The elongational strain may be written in terms of the true strain or logarithmic strain:

dε / dt = d{ln [L(t) / L0]} / dt

where L0 is the inital length of the specimen and L(t) is the length at time t. Since at t = 0, L / L0 = 1 and the strain rate is constant, the equation above simplifies to

dε / dt = ln[L(t) / L0] / t  

To calculate the stress at time t, both the tensile force F(t) and the corss-sectional area A(t) at time t have to be measured:

σ(t) = F(t) / A(t)

However, it is much easier to measure the length of the sample. For incompressible materials,

L(t) / L0 = A0 / A(t),

it follows

σt = F(t) / A(t) = F(t) / A0 · [L(t) / L0 ] = F(t) et · dε0/dt / A0

whereas for the tension viscosity (elongational) λ it follows

λ = σ(t) / (dε / dt) = t σ(t) / ln[L(t) / L0] = (t F(t) / A0) · et · dε / dt / ln[L(t) / L0]

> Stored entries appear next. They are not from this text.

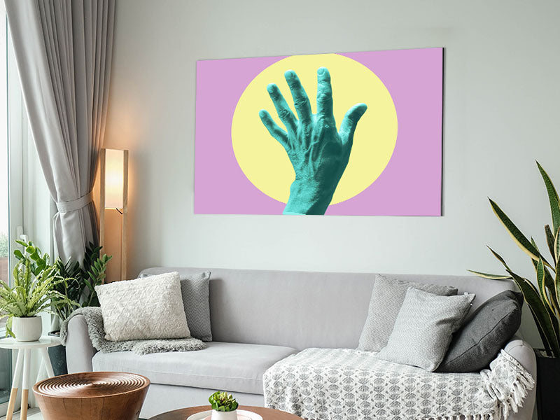 Green Hand Printed on brushed aluminium dibond. A modern way to display art and easy to maintain.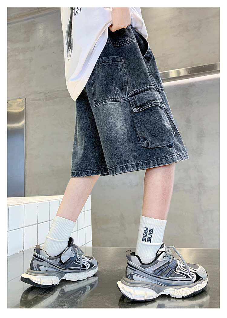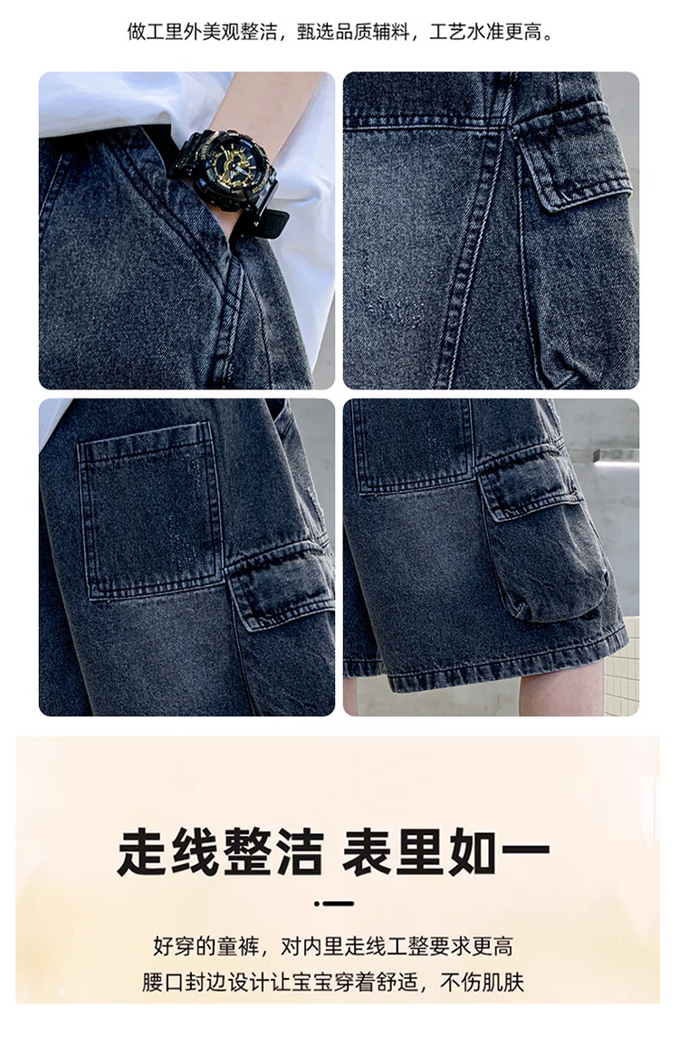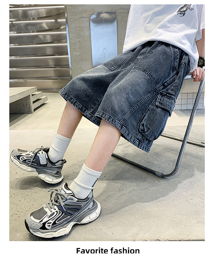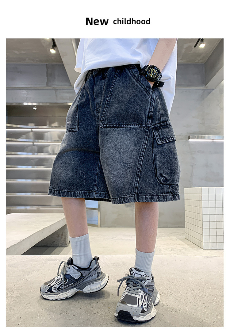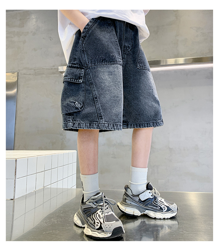 남아 데님 반바지 여름 얇은 모델 2025 신상 중대형 어린이 남아용 루즈핏 반바지 공장 직판스토어 가기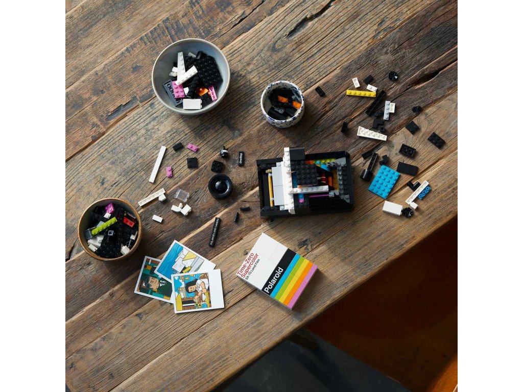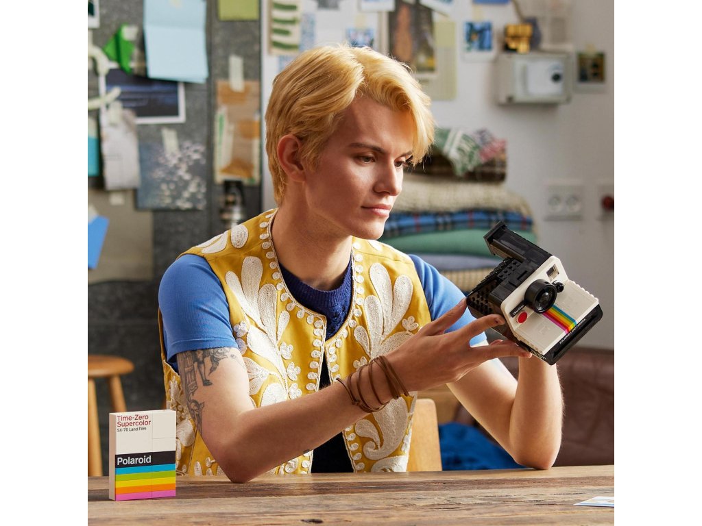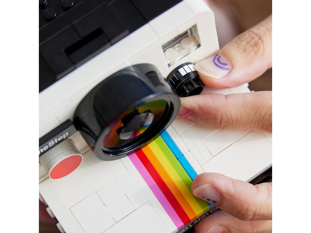 Dopřejte si kvalitní odpočinek při stavení řady autentických designových detailů, jako je hledáček, barevné spektrum nebo kolečko pro kompenzaci expozice, a přidejte samolepky s originálními obrázky. Poskládejte z kostek balíček filmu Polaroid Time-Zero Land Film se 3 ilustrovanými „fotografiemi“, včetně obrázku vynálezce Polaroidu Edwina H. Landa. Vyberte si fotografii, vsuňte ji do fotoaparátu a zmáčkněte červené tlačítko spouště, které fotku vysune jako ve skutečnosti.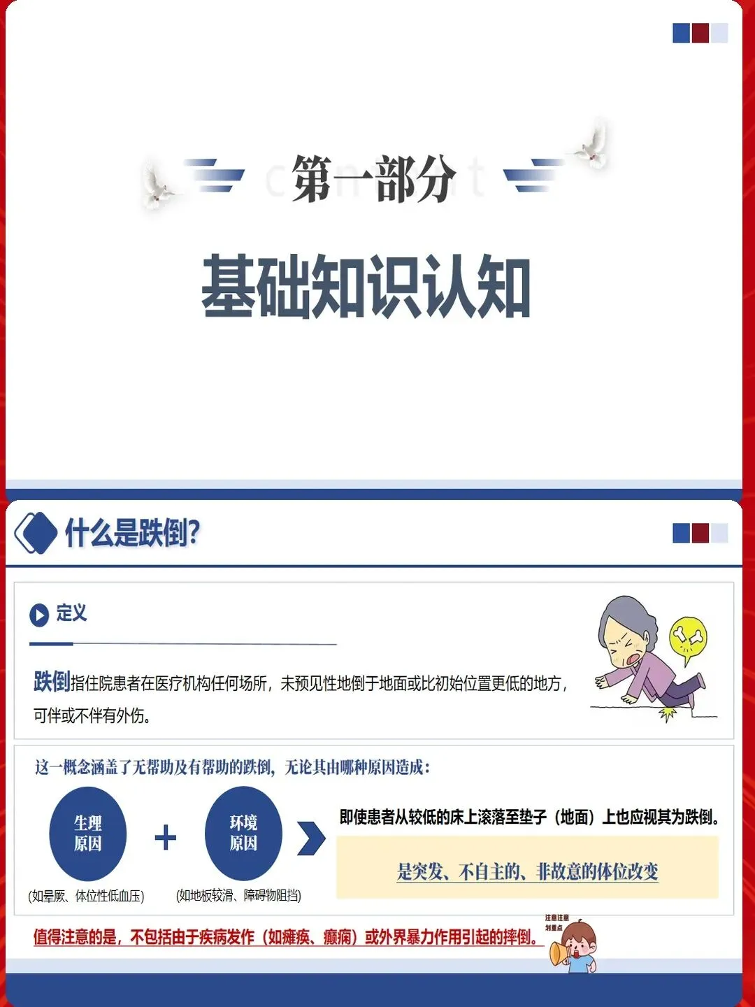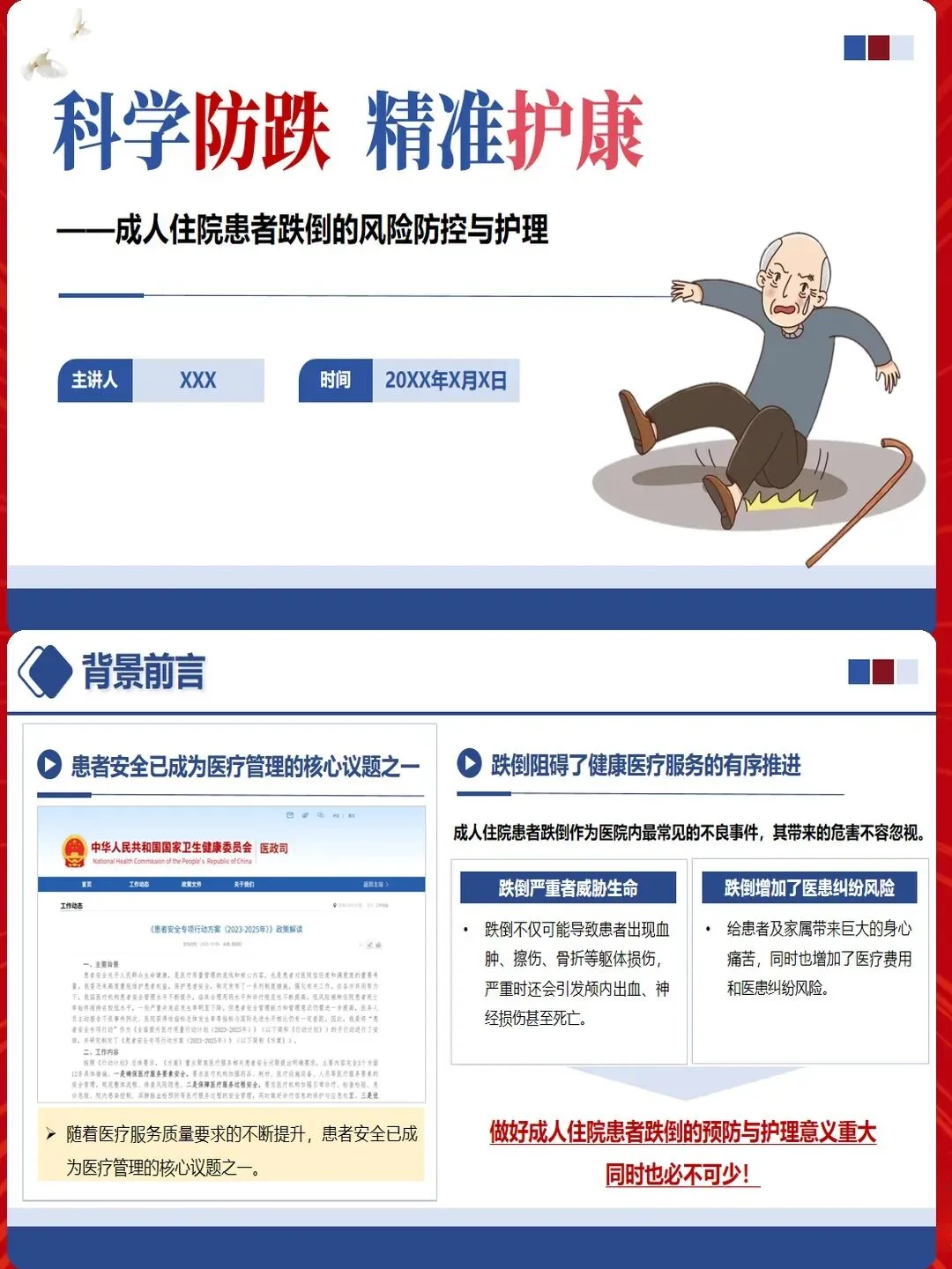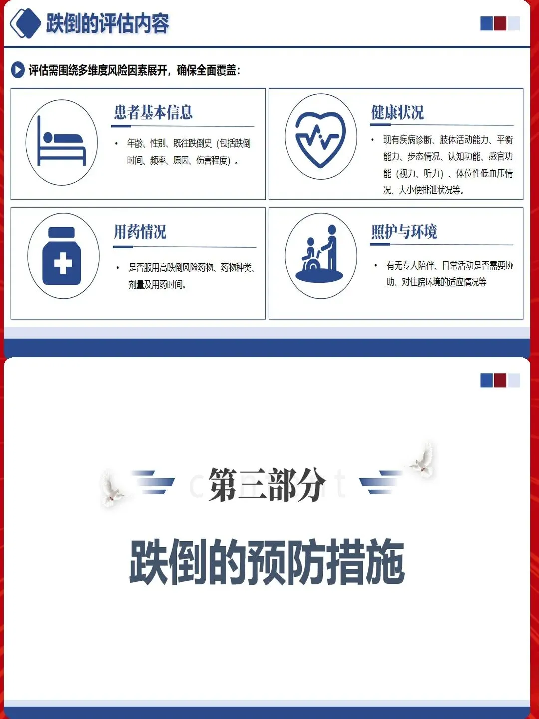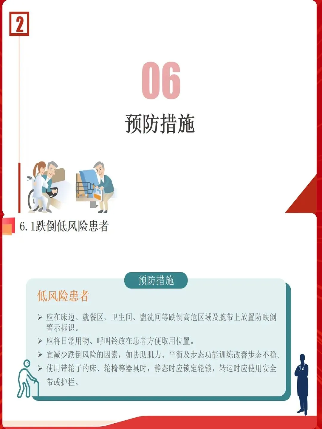 跌倒预防不仅要关注安全,更要体现人文关怀。尊重患者自主权,避免过度限制导致生活质量下降。与患者共同制定跌倒预防计划,增强其参与感和依从性。对于认知功能受损的患者,耐心解释安全措施,争取配合。对于因预防措施受限而情绪不佳的患者,加强心理疏导。

  1. F.T. Trouton, Proceeding of the Royal Society, Vol. 77, Issue 519, page 426 (1906)
  • Summary

    Elongational Viscosity

    The elongational viscosity is defined as the elongational stress to elongational strain rate. It is the resistance of a liquid to elongational deformation.

  • The elongational viscosity is considerably more difficult to measure than the shear viscosity. One common method involves the extrusion of a molten strand from a die and subsequent stretching of the molten bar with a pair of rotating clamps.

  • The maximum force required to break the extruded strand is called the melt strength.

  • According to Trouton, the tension (extensional) viscosity of stiff liquids is about three times the shear viscosity.

  • The extensional viscosity of low density branched polyethylene (LDPE) increases with increasing shear rate (tension stiffening),
    whereas linear low density polyethylene (LLDPE) becomes "softer" when extended (tension thinning).

  • In film blowing, LDPE bubbles are more stable than LLDPE because of their higher tension viscosity. LDPE is often blended with LLDPE to improve the melt strength and melt stability.

  • Most polypropylene grades have very low melt strength and bubble stability. However, some newer grades have improved melt stability.